En 1815, le ministre de l'intérieur Vaublanc nomma Jules Anglès en tant que préfet de police à Paris, et il semble que le viol du secret des correspondances ait été alors considéré comme un procédé usuel dans les enquêtes policières. Des personnalités politiques de premier plan étaient ainsi espionnées, à commencer par Talleyrand et l'empereur Alexandre 1er de Russie, lors de son séjour à Paris pour conclure la Sainte-Alliance, ainsi que des anciens officiers des armées napoléoniennes comme les généraux Berton et Foy, ou le colonel Bourbaki[45]. Mais cette pratique s'intensifia surtout à partir de 1822, sous l'impulsion du président du conseil Villèle, après les nominations de François Franchet d'Esperey à la direction générale de la Police, de Guy-Louis Delavau à la préfecture de police de Paris, puis celle de Vaulchier à la direction des postes le 4 août 1824, moins de deux mois avant la mort de Louis XVIII. Les quatre volumes du Livre noir de Messieurs Delavau et Franchet fourmillent d'exemples d'espionnage épistolaire[46]. Ce « cabinet noir de la préfecture de police » surveilla tout spécialement l'ambassade d'Angleterre[47].

Procès–verbaux de la Chambre des députés. Session du 3 mai 1828. Discussion à la suite de la pétition de Germain contre les abus qui existent dans l’administration de la Poste concernant le secret des lettres. Débat sur l’existence d’un cabinet noir et sur le non–respect du secret des correspondances. Archives nationales de France.

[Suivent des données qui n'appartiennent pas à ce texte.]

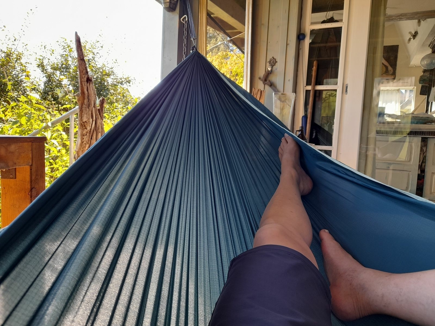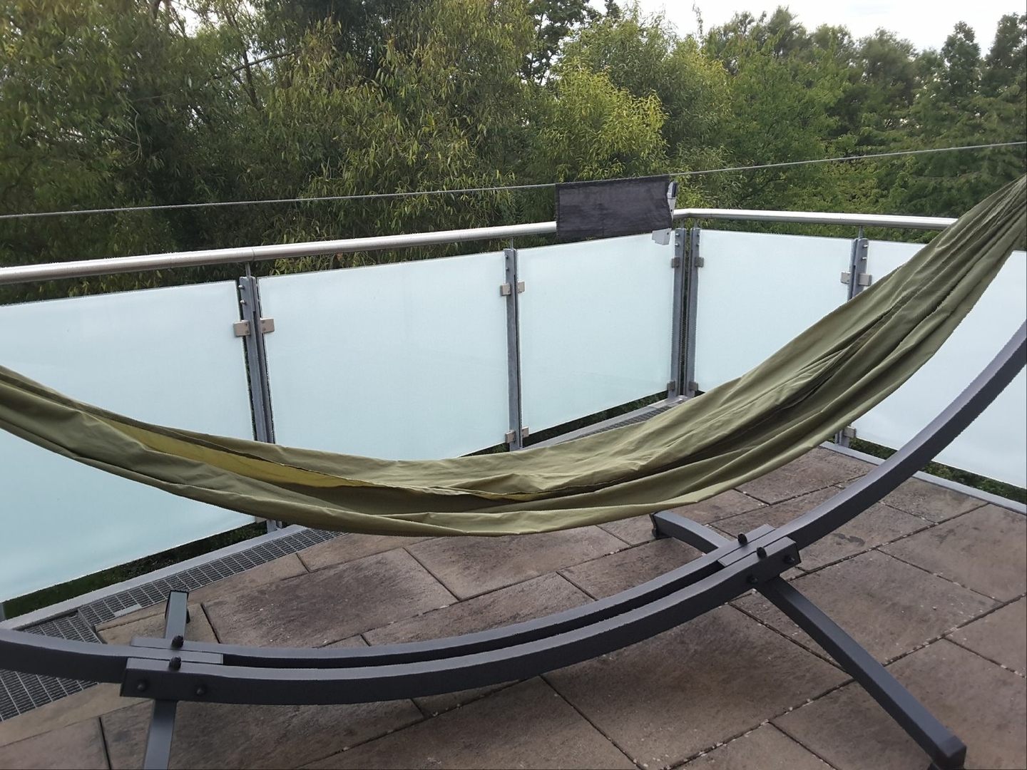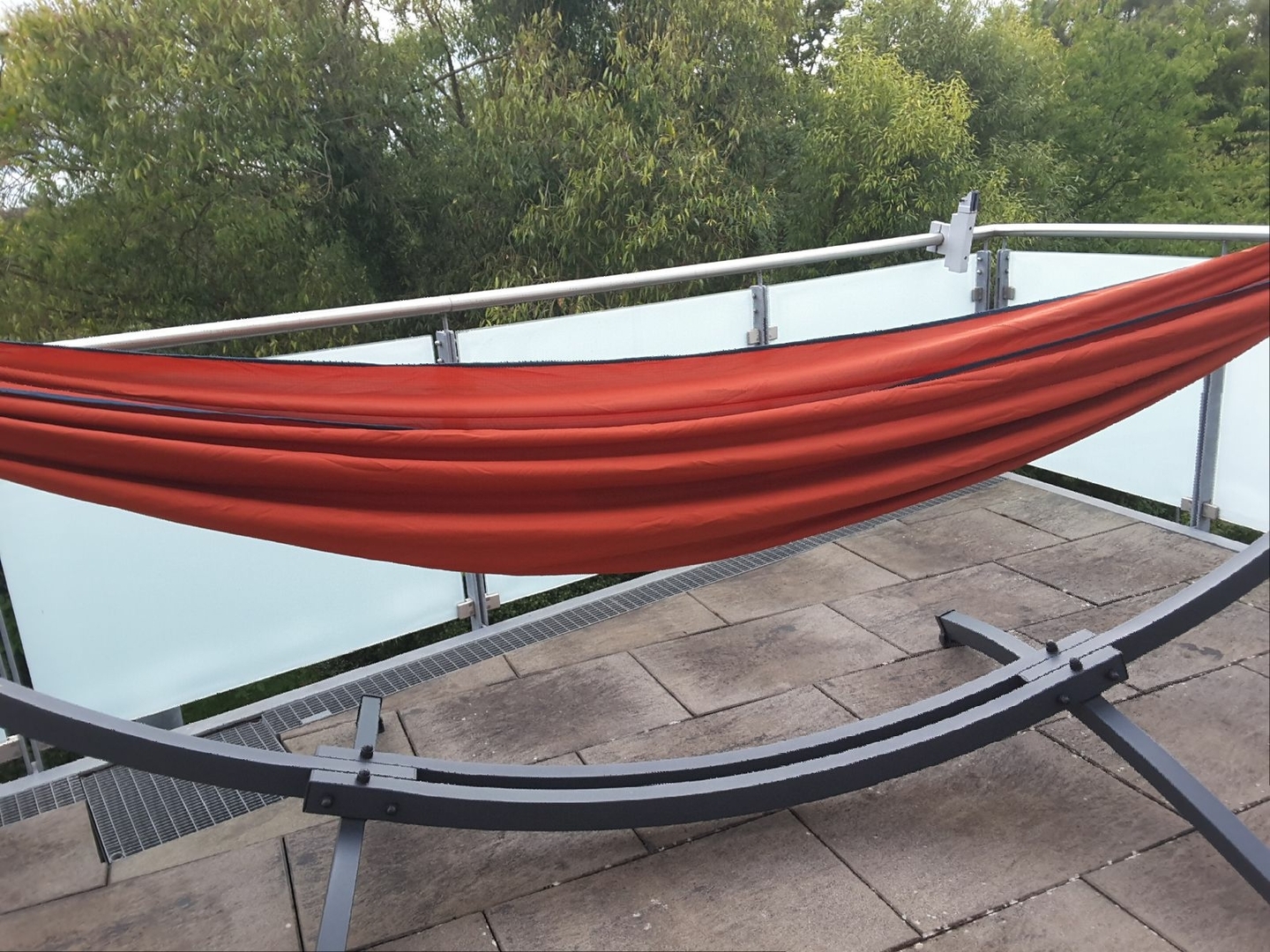 Mit ihren 300x150cm scheint sie mir genau richtig für den Nachmittagsausflug oder sonstigen Kurzhang. Einfach aufhängen und fertig.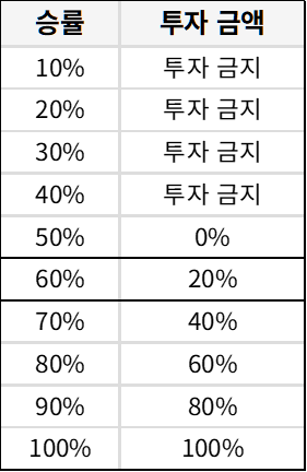 이것은 승리할 확율이 60% 이고 순수익의 비율이 100% 인경우에 나오는 결과값이다.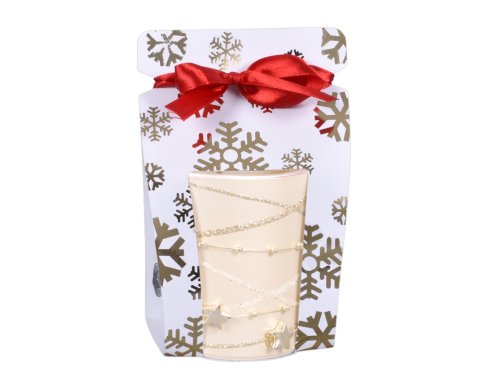 Vonná svíčka ve skle ozdobeném glitrovými proužky a hvězdičkami. Sklo je umístěno v dárkové papírové krabičce s mašličkou. Hmotnost náplně: 130 g. Výška: 8,3 cm, šířka: 7,4 cm.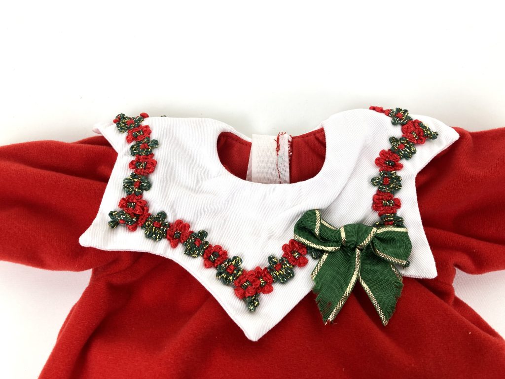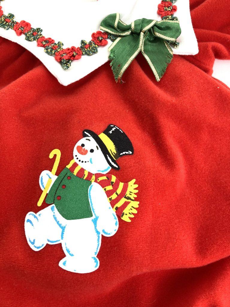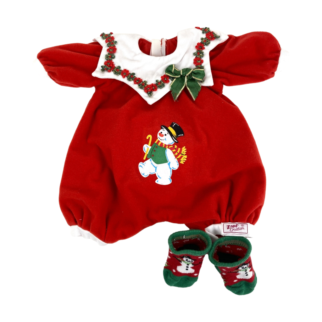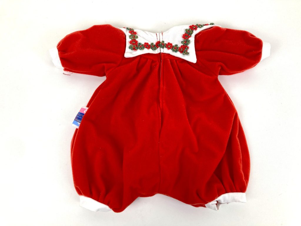 In zachte rode stof met sneeuwpop en kraag met opgeborduurde bloemetjes en strik. Met bijpassende sokjes. In prachtige staat.
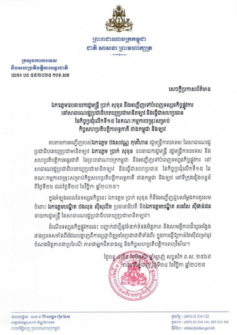 តបតាមការអញ្ជើញរបស់លោក ថងសាវណ្ណ កុមវិហាន រដ្ឋមន្ត្រីការបរទេស នៃសាធារណរដ្ឋប្រជាធិបតេយ្យប្រជាមានិតឡាវ, ឯកឧត្តមឧបនាយករដ្ឋមន្ត្រី ប្រាក់ សុខុន រដ្ឋមន្ត្រីការបរទេស និងសហប្រតិបត្តិការអន្តរជាតិ នៃព្រះរាជាណាចក្រកម្ពុជា នឹងអញ្ជើញទៅបំពេញទស្សនកិច្ចផ្លូវការ នៅប្រទេសឡាវ និងធ្វើជាសហប្រធាននៃកិច្ចប្រជុំលើកទី១៥ នៃគណៈកម្មការចម្រុះសម្រាប់កិច្ចសហប្រតិបត្តិការទ្វេភាគីរវាងកម្ពុជា និងឡាវ នៅទីក្រុងវៀងចន្ទន៍ ពីថ្ងៃទី២៦ ដល់ថ្ងៃទី២៨ ខែវិច្ឆិកា ឆ្នាំ២០២៥។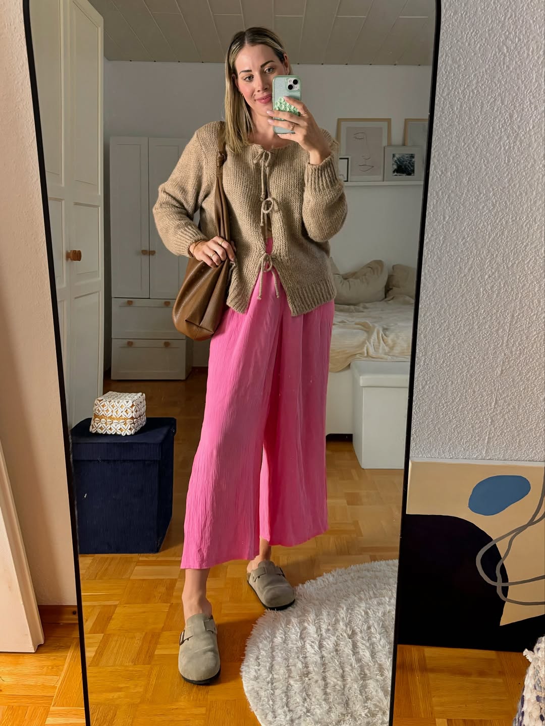 Embrace comfortable yet stylish daily wear with this effortlessly chic ensemble, pairing a cozy beige tie-front cardigan and vibrant pink wide-leg trousers for a pop of color. The look is completed with practical grey clogs and a simple shoulder bag, offering a perfect blend of ease and personality for any casual day.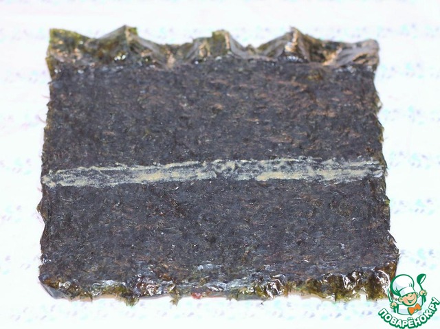 Разложите лист нори (блестящей стороной вниз) на бамбуковой циновке.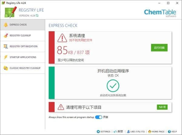 Registry Life是一款非常安全的数据管理软件,帮助用户保护自己的安全,定期清理缓存垃圾,进一步优化配置,让我们拥有一个健康良好的存储环境。Registry Life的安装使我们的启动速度更快,并为我们的办公环境提供了一些实用的安排。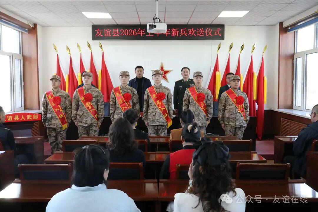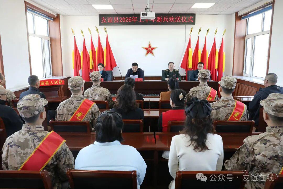 3月15日,友谊县人武部在友谊县民兵训练基地举行了2026年上半年新兵入伍欢送仪式,为即将奔赴军营、献身国防的优秀青年送行,激励广大新兵牢记使命、不负重托,在军营淬火成钢、建功立业。相关县领导及相关单位负责同志、新兵家属参加活动。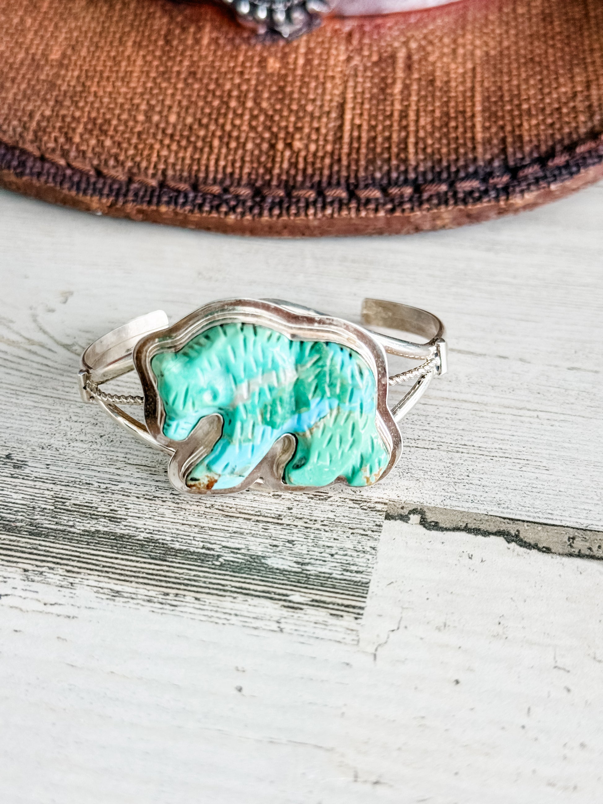 Native American Turquoise Carved Bear Cuff 6.5"

L'avènement de Charles X ne modifia pas sensiblement l'organisation de la police, mais après la démission de Villèle en 1828, de nombreuses voix s'élevèrent contre le cabinet noir, en particulier celle de Louis Stanislas de Girardin lors de sessions de la chambre des députés. Le 1er février 1828, Antoine Roy, ministre des finances dans le nouveau gouvernement libéral, annonça par arrêté la fin du cabinet noir[48]. Selon d'autres sources, il ne fit que déclarer que ce cabinet n'existait pas[49]. Selon Maxime du Camp, il s'agissait d'une supercherie destinée à calmer l'opposition, et le cabinet n'aurait fait que déménager en cette occasion[8]. Un avocat à la Cour royale de Paris, Germain, fut l'un des premiers à publier un opuscule accusant Vaulchier de violer le secret des lettres[43], et il déposa une pétition qui fut débattue à la chambre des députés le 3 mai 1828[49]. Sommé de révéler si le cabinet noir avait existé, le député Vaulchier déclara qu'il n'avait pas à en répondre devant la Chambre, mais qu'il consentait à être traduit devant une autorité compétente. La pétition de mise en accusation fut rejetée lors du vote, mais Vaulchier dut finir par démissionner de la direction des postes l'année suivante.

Des cabinets noirs ont été dénoncés dans de nombreux pays européens à cette époque. Le Figaro du 2 septembre 1828 rapporta que « la police de la poste » portugaise fonctionnait « d'une manière toute particulière »: lorsqu'une lettre décachetée s'avérait compromettante pour son destinataire, la police attendait que ce dernier vint la réclamer pour l'arrêter[50]. En 1829, le Courrier de Smyrne d'Alexandre Blacque accusa Ioánnis Kapodístrias, gouverneur de l'État grec indépendant, d'avoir instauré un « tribunal secret d'inquisition », ce dont il se défendit énergiquement[51]. En 1830, Charles II de Brunswick organisa un cabinet noir dans son duché, peu de temps avant sa destitution[52]. Selon Le Figaro du 28 septembre 1830, « toutes les lettres venant de France » étaient « ouvertes par le cabinet noir du comte d'Espagne »[53].

De la Monarchie de Juillet au second Empire[modifier | modifier le code]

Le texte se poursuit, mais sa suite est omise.